# Task description:
Pictures stay out of the copy. Retype exactly the lines below from the one with "Техника занята сразу" through the one with "捷途汽车第200万台整车下线".

# Data for this exercise:
+-------+

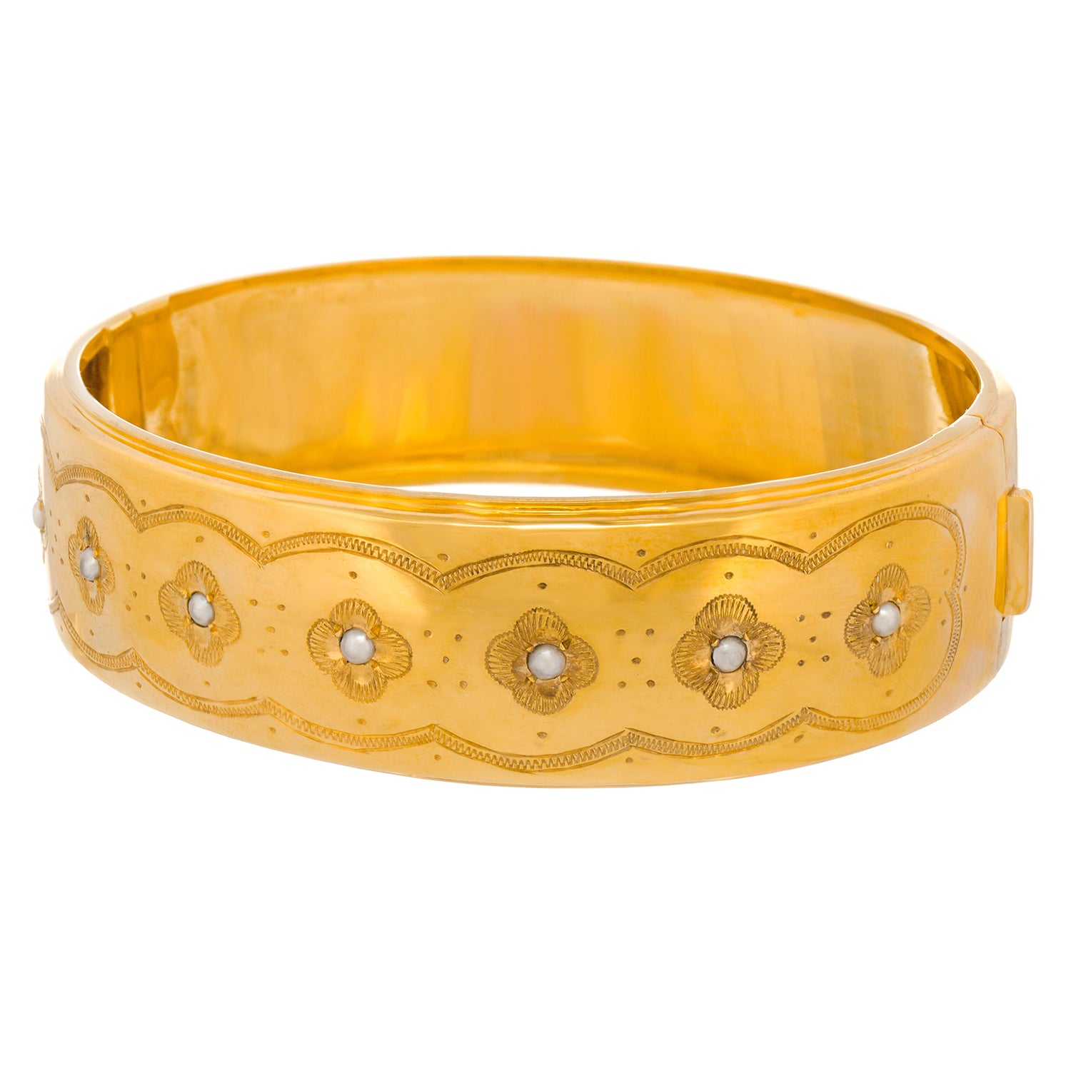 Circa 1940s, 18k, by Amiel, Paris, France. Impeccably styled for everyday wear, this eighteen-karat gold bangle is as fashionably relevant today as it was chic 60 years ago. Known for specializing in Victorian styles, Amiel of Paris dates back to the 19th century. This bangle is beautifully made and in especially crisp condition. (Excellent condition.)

+-------+

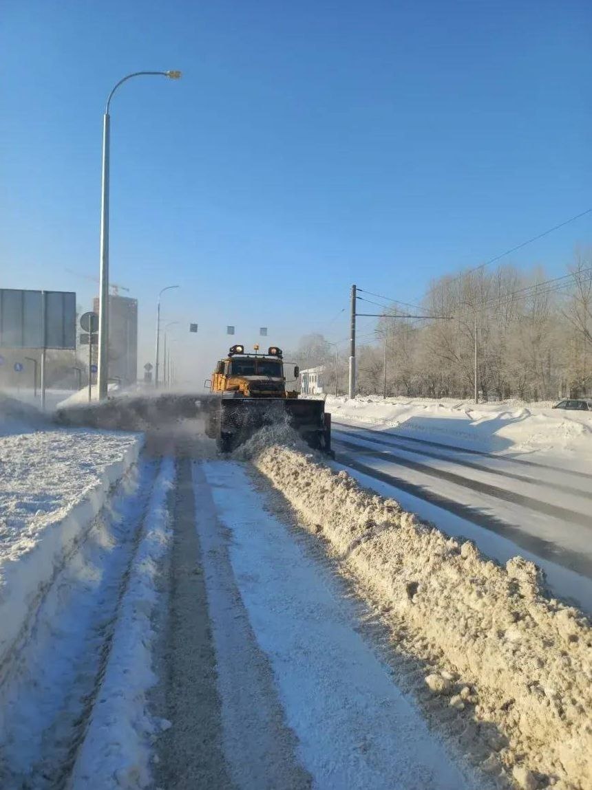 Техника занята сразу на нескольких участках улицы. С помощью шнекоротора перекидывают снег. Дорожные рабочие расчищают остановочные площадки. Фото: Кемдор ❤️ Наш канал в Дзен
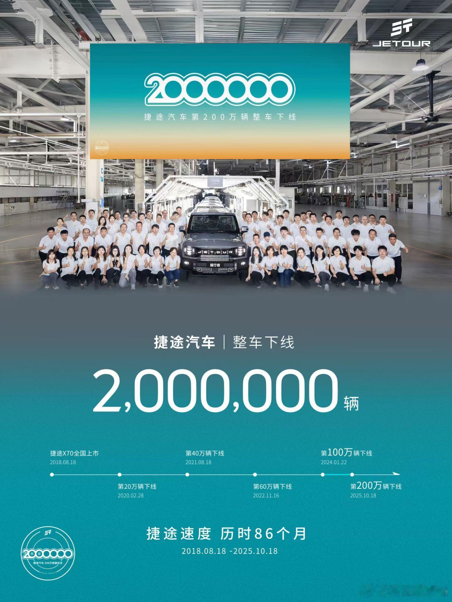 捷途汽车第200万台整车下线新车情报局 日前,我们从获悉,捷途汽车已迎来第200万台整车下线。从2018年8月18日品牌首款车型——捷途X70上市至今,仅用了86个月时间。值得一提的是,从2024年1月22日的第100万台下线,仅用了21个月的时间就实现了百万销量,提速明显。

+-------+

# Response for this exercise:
 Техника занята сразу на нескольких участках улицы. С помощью шнекоротора перекидывают снег. Дорожные рабочие расчищают остановочные площадки. Фото: Кемдор ❤️ Наш канал в Дзен
 捷途汽车第200万台整车下线新车情报局 日前,我们从获悉,捷途汽车已迎来第200万台整车下线。从2018年8月18日品牌首款车型——捷途X70上市至今,仅用了86个月时间。值得一提的是,从2024年1月22日的第100万台下线,仅用了21个月的时间就实现了百万销量,提速明显。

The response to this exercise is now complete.